Кроме того, немало государств охотно поддерживают отношения с Россией, и в них, соответственно, никаких проблем для деятельности фонда нет. Должен сказать, что в целом с особыми трудностями мы почти нигде не сталкиваемся. Есть проблемы в Прибалтийских странах, но они те же, что и были всегда. Есть ухудшающаяся ситуация на Украине, где работе фонда активно препятствуют. Возникли проблемы в Англии. По существу, британская сторона приняла решение о закрытии нашего центра в Оксфорде. Во всех других странах возможности для работы фонда существуют.


– В России действует немало организаций, занятых работой с соотечественниками и связями с Русским миром за рубежом. Нет ли на этом поле излишней толкотни?

– Никакой толкотни нет, потому что количество организаций, занятых такой работой, мизерное. В Соединенных Штатах на поле общественной дипломатии действует приблизительно 15 тысяч некоммерческих организаций, и некоторые из них могут похвастаться бюджетом не меньшим, чем бюджет Министерства иностранных дел Российской Федерации.

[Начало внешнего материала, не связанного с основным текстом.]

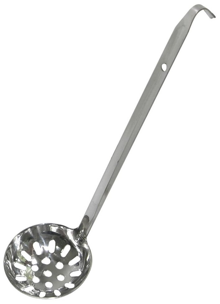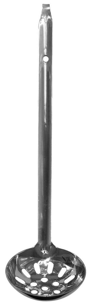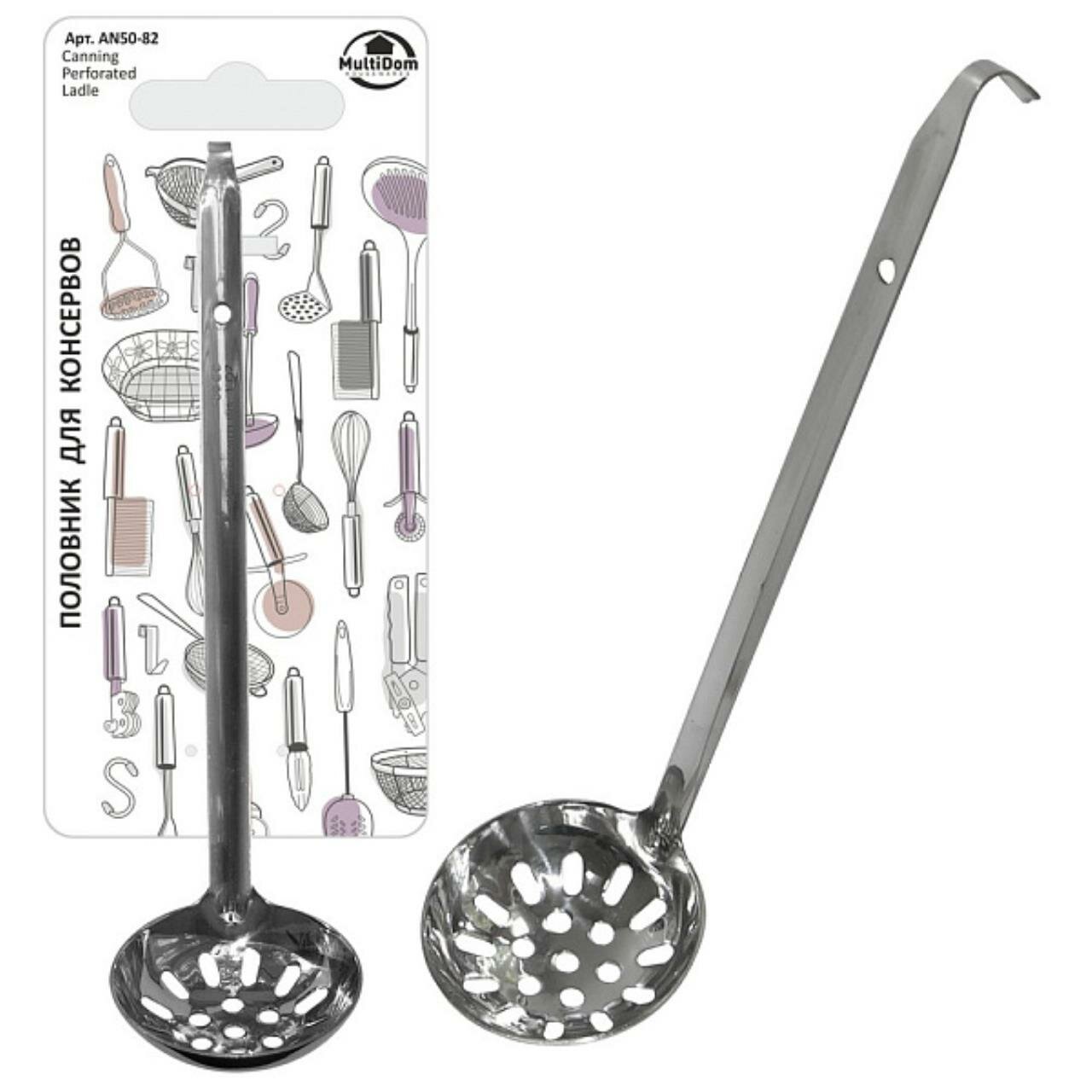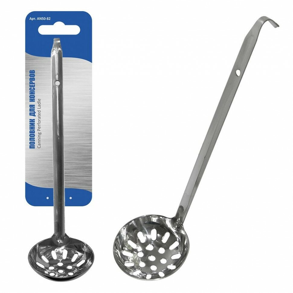 Консервы составляют довольно большую часть рациона в повседневном питании. Консервированные овощи становятся частью салата, соленья выкладывают на столы во время застолья, а некоторые продукты консервируют для того, чтобы они дольше хранились. С половником для консервов вам будет проще извлечь консервированные продукты из стеклянных или металлических банок. Длинная ручка позволит достать продукты даже со дна емкости, а наличие отверстий позволит лишней воде вытечь обратно. Изделие легко моется,не впитывает запахи. Изготовлено из стали с хромированным покрытием. Длина 29 см.

До 70 процентов всех средств, которые вращаются в неправительственном секторе Соединенных Штатов, – это деньги, имеющие государственное происхождение. Они поступают в основном из Государственного департамента и из десятков существующих американских разведок.

– Простите, вы сказали – десятков?

– В Америке по-разному считают, сколько там разведок. Директор ЦРУ является директором национальной разведки.

– То есть сеть?

– Да. Разведывательные структуры есть практически у всех министерств, есть Агентство национальной безопасности, есть немало других аналогичных ведомств. По разным источникам, в США насчитывается 25–28 разведывательных структур. И они все поддерживают инструменты американской «мягкой силы». Так вот, если сравнивать российские методы работы с американскими, то наши методы просто стерильны.

– А может быть, пора отказаться от стерильных методов?

– Для этого должны действовать другие организации, их должно быть гораздо больше, и финансироваться они должны соответствующим образом – сопоставимо с американскими. Российские организации за рубежом не готовят боевиков для майданов. Российские организации не финансируют создание национальных учебников, как это делал Фонд Сороса в нашей стране, на Украине и в других республиках. Российские организации не оказывают воздействия на систему национальных СМИ. А американские фонды, например, готовили подавляющее большинство нынешних украинских журналистов, которые проходили курсы «правильной» журналистики.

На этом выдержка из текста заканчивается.